REFLETS DU SUD

Histoire, société et mémoires martiniquaises

La demande, c’est nous

Visuel de la brève « La demande, c’est nous » sur la réception du titre « Tites Fess » de Mermeïd

« Tites Fess » a été jugée en quelques jours. Je voudrais regarder qui a rendu ce jugement, et ce que ce jugement fabrique.


Un morceau sort, il circule, et en quelques jours le procès est instruit, plaidé, conclu. Pauvreté du texte, vulgarité, facilité, disparition de la grande musique martiniquaise : je n’ai pas eu besoin d’aller chercher ces mots, ils sont venus à moi comme ils sont venus à tout le monde. Ce qui me frappe n’est pas leur contenu, c’est leur vitesse et leur dureté. Nous mettons rarement autant d’énergie à évaluer quoi que ce soit.

Disons-le sans détour : « Tites Fess » n’est pas un morceau élaboré. Personne n’est tenu d’appeler chef-d’œuvre ce qui devient viral, et l’indulgence automatique envers la jeunesse serait une autre manière de ne pas la prendre au sérieux. Mais la musique de fête n’est pas un registre mineur ici, et notre patrimoine carnavalesque est là pour le rappeler : on n’a pas besoin d’être grave pour entrer dans la culture martiniquaise. Ce titre dure deux minutes, il fait danser, il fait rire, et il ne prétend pas davantage. Il n’a jamais demandé à représenter la Martinique. Nous sommes les seuls à lui avoir confié ce rôle, le temps d’un procès.

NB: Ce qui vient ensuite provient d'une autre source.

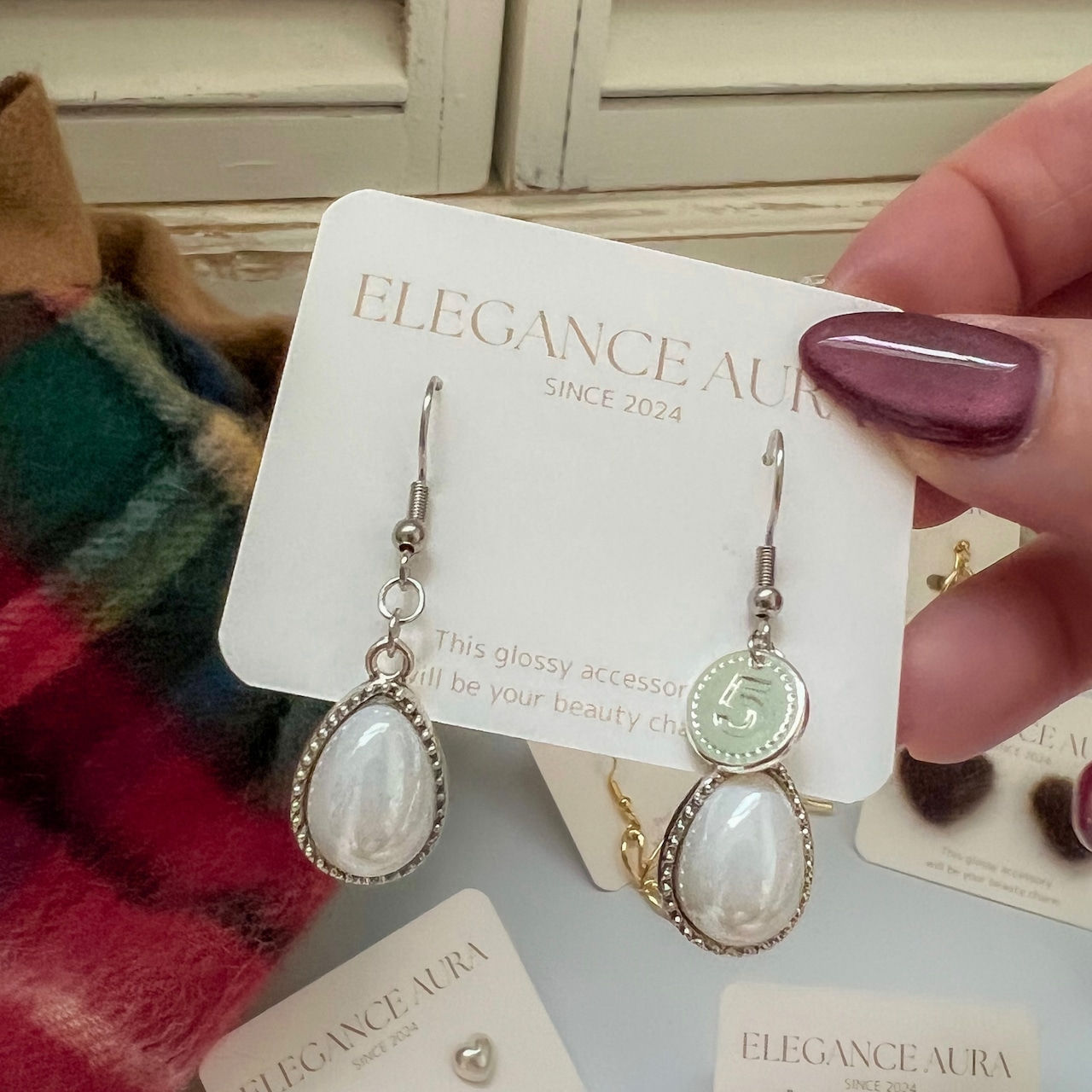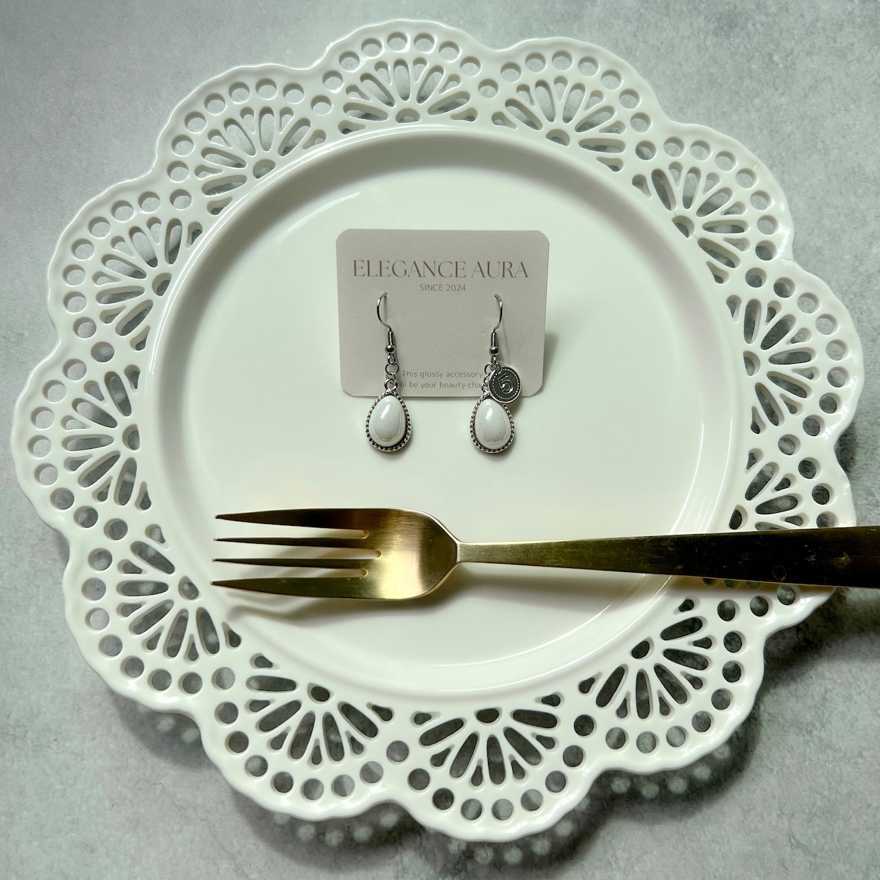 艶やかなホワイトドロップが耳元で揺れる

Reste la question que le procès permet d’éviter : d’où vient cette visibilité ? Les systèmes qui décident aujourd’hui de ce que nous voyons ne sont pas construits pour distinguer l’adhésion de l’indignation. Une écoute enthousiaste et un partage scandalisé nourrissent la même mécanique : du temps passé, de l’engagement, de la circulation. La capture d’écran commentée, le commentaire outré, les vocaux qui s’agacent alimentent le phénomène au même titre que ceux qui dansent dessus. Ce n’est pas un reproche, c’est une mécanique. Une partie de ceux qui dénoncent l’ampleur du phénomène en sont l’une des causes. J’ai déjà posé ailleurs la question de qui paie pour que nous ne nous ennuyions plus ; elle revient ici sous une autre forme.

Alors allons jusqu’au bout de la mécanique. À quoi donnons-nous de l’importance quand nous ne sommes pas occupés à nous indigner ? Il suffit d’observer nos espaces de discussion pour voir quelles publications circulent et lesquelles passent inaperçues. Quand une swaré bèlè, un concert, un album ou un livre d’ici sont annoncés, combien partagent, se déplacent, achètent ? La culture dont nous nous réclamons est souvent un discours que nous tenons, plus rarement une économie que nous soutenons. Nous réclamons de l’exigence à une jeunesse à qui nous n’achetons rien.

Je ne dirai pas que nous n’avons rien transmis : je n’en sais rien, et personne ne l’a mesuré. Je dis ce qui est observable. Nous transmettons un verdict. Ce qu’un jeune de dix-sept ans peut apprendre en lisant nos fils d’actualité, ce n’est pas la différence entre une biguine et une mazurka : c’est qu’ici la visibilité se paie, et que la première chose que son pays saura faire de son travail, c’est le juger. La transmission a bien lieu. Elle transmet autre chose que ce que nous croyons.

Il y a un dernier point, et c’est celui qui me gêne le plus. Ce jugement n’est pas une conversation de famille. Il est public, il est lisible partout. Et lorsque la critique d’un morceau devient le procès d’une génération, elle compose sous le regard du monde le portrait d’une jeunesse martiniquaise vulgaire et vide. Nous décrivons alors nos enfants exactement comme nous refusons, depuis toujours, d’être décrits.

Nous avons le droit de trouver ce morceau pauvre. Mais avant de demander à notre jeunesse ce qu’elle fabrique, regardons ce que nous avons choisi de faire circuler. La demande, c’est nous.